──────── Task inputs ────────

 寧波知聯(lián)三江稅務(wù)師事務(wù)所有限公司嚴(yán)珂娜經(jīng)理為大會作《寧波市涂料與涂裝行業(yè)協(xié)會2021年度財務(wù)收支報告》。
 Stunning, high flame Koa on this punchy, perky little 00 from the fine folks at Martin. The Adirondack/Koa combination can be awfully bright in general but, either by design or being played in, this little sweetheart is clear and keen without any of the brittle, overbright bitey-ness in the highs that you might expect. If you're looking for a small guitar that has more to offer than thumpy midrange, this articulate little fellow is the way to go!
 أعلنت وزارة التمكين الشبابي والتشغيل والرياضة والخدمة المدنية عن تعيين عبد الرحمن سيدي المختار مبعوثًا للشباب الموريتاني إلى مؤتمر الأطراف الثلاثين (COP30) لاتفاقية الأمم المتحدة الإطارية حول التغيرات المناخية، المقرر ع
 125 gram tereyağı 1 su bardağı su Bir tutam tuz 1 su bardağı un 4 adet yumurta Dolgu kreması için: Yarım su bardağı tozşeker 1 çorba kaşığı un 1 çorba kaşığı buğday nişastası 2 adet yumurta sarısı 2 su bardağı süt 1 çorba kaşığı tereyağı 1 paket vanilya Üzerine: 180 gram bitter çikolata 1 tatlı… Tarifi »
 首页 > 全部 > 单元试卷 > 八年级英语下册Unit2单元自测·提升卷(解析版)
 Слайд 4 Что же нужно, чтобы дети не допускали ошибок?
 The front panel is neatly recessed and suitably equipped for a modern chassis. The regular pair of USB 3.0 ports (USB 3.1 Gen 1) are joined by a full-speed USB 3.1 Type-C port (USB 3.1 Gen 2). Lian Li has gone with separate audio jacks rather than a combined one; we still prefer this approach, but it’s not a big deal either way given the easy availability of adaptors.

────────
──────── Task inputs ────────

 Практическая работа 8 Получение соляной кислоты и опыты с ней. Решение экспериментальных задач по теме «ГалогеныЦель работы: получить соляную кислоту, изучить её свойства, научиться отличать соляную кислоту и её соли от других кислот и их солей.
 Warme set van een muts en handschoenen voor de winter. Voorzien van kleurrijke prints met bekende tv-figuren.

────────
──────── Task inputs ────────

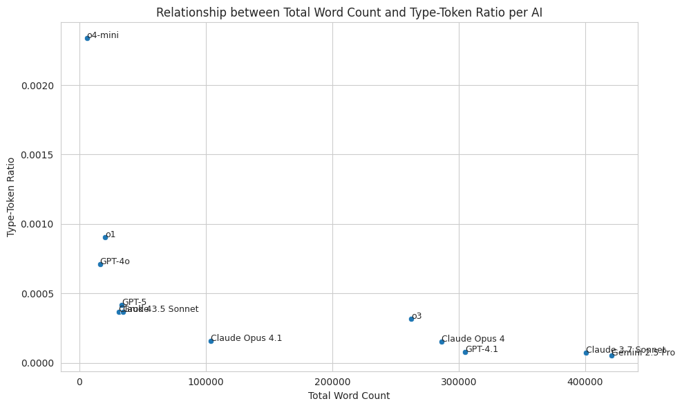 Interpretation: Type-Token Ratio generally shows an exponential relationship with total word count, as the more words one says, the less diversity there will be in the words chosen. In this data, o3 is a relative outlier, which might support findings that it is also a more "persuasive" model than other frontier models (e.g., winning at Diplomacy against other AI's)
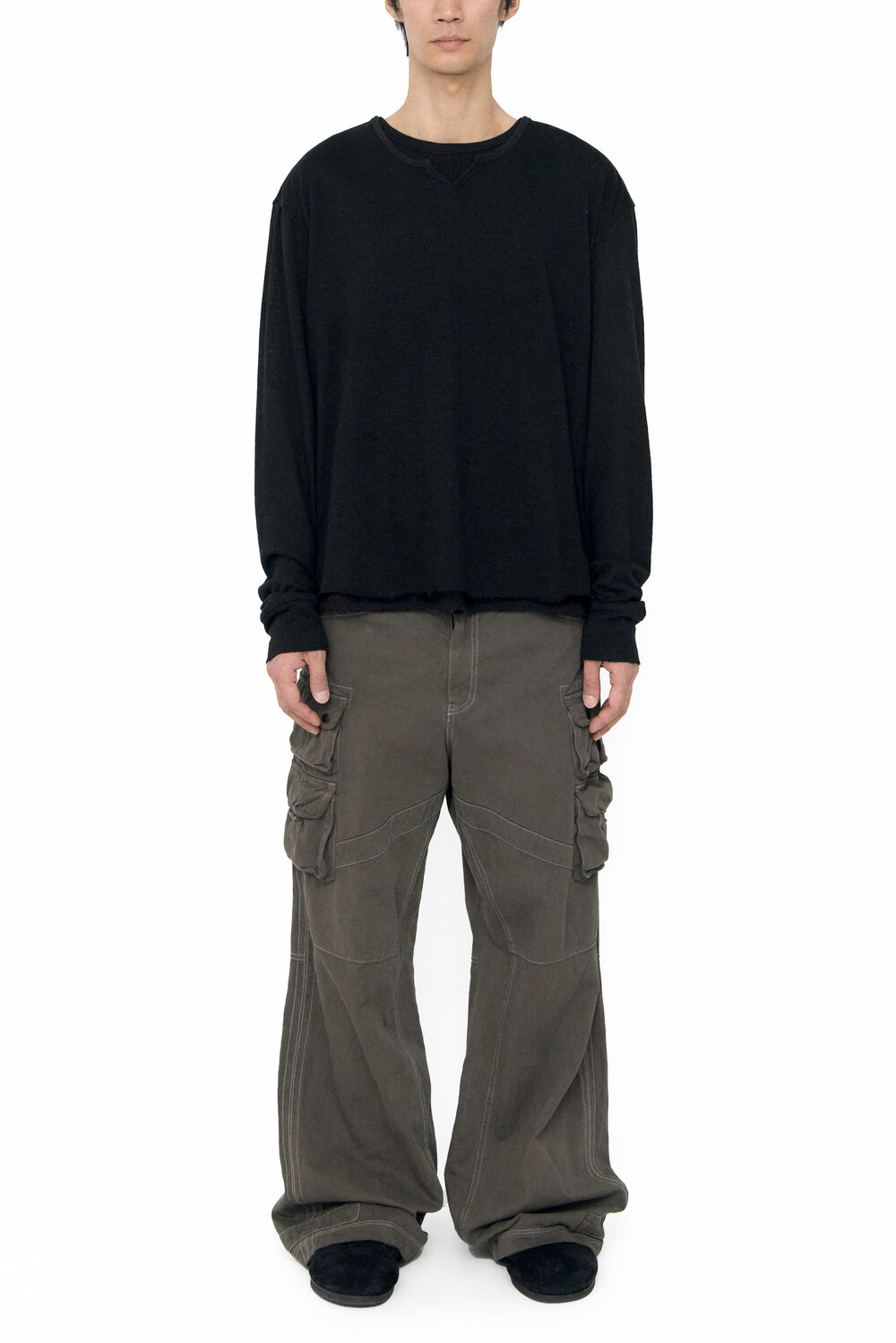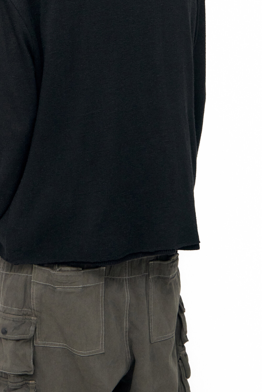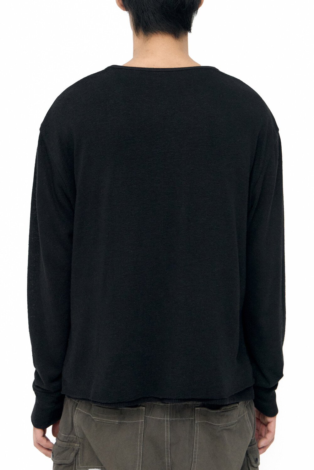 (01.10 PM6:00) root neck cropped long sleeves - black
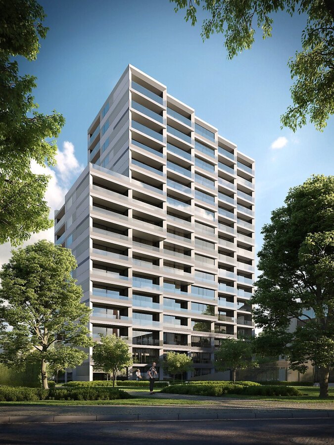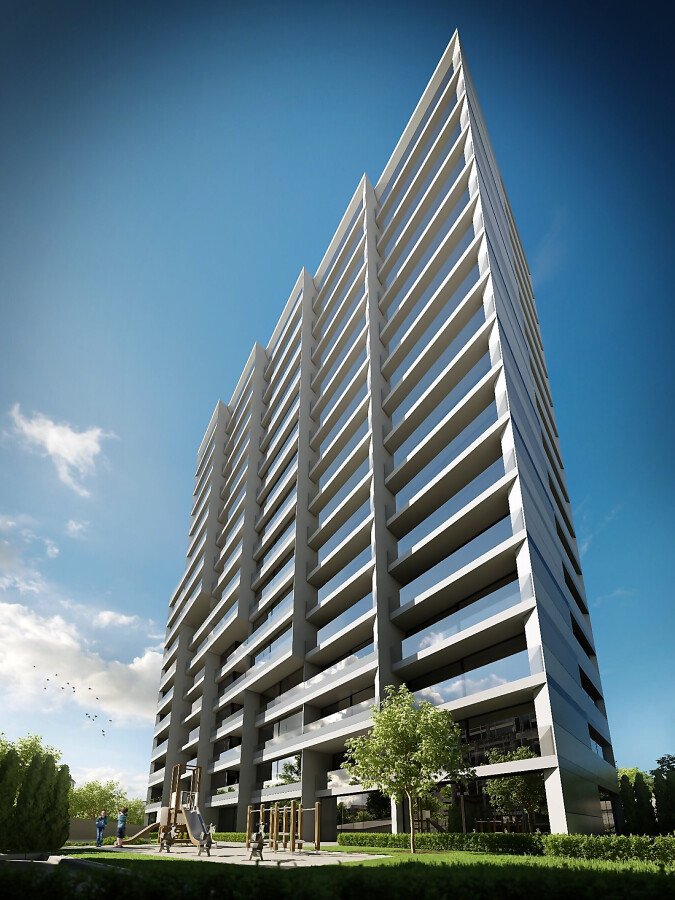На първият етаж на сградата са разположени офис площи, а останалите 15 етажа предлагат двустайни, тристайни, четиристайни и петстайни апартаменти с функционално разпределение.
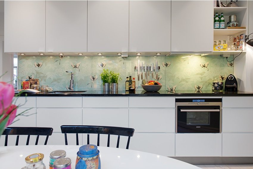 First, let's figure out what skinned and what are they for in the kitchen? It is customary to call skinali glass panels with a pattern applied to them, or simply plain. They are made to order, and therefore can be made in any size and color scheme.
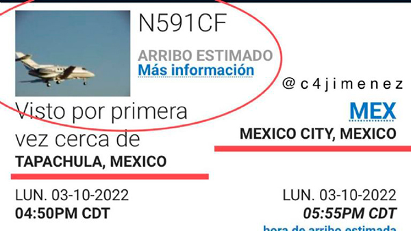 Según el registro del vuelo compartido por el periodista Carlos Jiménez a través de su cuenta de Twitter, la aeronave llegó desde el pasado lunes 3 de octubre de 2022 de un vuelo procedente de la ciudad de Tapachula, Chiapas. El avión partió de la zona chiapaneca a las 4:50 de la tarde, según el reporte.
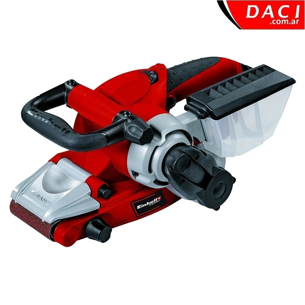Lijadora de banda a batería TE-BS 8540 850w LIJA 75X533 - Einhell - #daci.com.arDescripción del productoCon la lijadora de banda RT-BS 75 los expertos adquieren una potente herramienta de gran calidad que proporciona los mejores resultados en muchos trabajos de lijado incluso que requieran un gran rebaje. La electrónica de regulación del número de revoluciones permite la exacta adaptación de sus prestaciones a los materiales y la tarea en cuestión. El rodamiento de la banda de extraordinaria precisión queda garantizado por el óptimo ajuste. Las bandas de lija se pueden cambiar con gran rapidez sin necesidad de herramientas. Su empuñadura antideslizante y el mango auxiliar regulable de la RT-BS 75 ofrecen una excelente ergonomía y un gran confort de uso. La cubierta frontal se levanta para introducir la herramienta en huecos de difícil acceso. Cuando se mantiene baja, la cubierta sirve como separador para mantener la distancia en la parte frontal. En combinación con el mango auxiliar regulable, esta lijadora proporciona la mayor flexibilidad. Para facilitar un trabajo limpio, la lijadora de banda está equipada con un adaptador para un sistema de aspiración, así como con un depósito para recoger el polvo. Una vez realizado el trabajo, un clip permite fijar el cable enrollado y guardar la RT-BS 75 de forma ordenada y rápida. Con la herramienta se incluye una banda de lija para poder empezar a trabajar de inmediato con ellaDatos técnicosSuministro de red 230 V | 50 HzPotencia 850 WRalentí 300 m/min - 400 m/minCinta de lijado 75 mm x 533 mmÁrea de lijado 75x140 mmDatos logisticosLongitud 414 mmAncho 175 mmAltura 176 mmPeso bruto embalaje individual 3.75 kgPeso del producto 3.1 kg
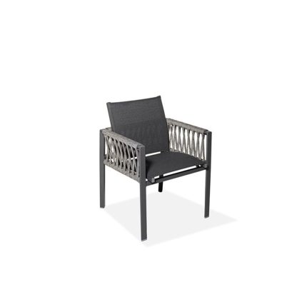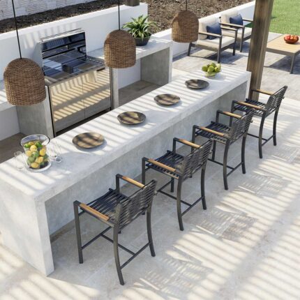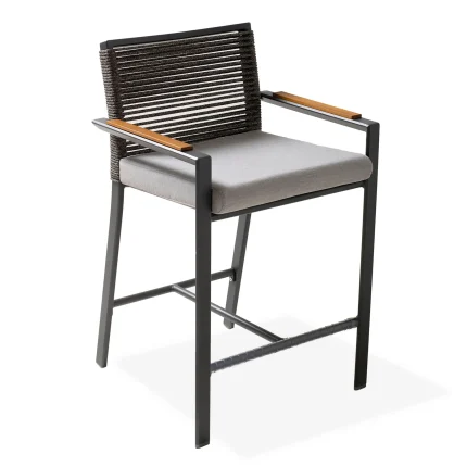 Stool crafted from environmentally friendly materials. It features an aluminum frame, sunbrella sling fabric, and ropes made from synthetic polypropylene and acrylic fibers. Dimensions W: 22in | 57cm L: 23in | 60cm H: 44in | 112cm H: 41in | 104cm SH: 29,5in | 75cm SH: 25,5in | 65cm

────────

(What this task involves)
Given the data above, transcribe exactly the lines from the one containing "125 gram tereyağı" down to the one containing "The front panel", and no others.

(Your response)
 125 gram tereyağı 1 su bardağı su Bir tutam tuz 1 su bardağı un 4 adet yumurta Dolgu kreması için: Yarım su bardağı tozşeker 1 çorba kaşığı un 1 çorba kaşığı buğday nişastası 2 adet yumurta sarısı 2 su bardağı süt 1 çorba kaşığı tereyağı 1 paket vanilya Üzerine: 180 gram bitter çikolata 1 tatlı… Tarifi »
 首页 > 全部 > 单元试卷 > 八年级英语下册Unit2单元自测·提升卷(解析版)
 Слайд 4 Что же нужно, чтобы дети не допускали ошибок?
 The front panel is neatly recessed and suitably equipped for a modern chassis. The regular pair of USB 3.0 ports (USB 3.1 Gen 1) are joined by a full-speed USB 3.1 Type-C port (USB 3.1 Gen 2). Lian Li has gone with separate audio jacks rather than a combined one; we still prefer this approach, but it’s not a big deal either way given the easy availability of adaptors.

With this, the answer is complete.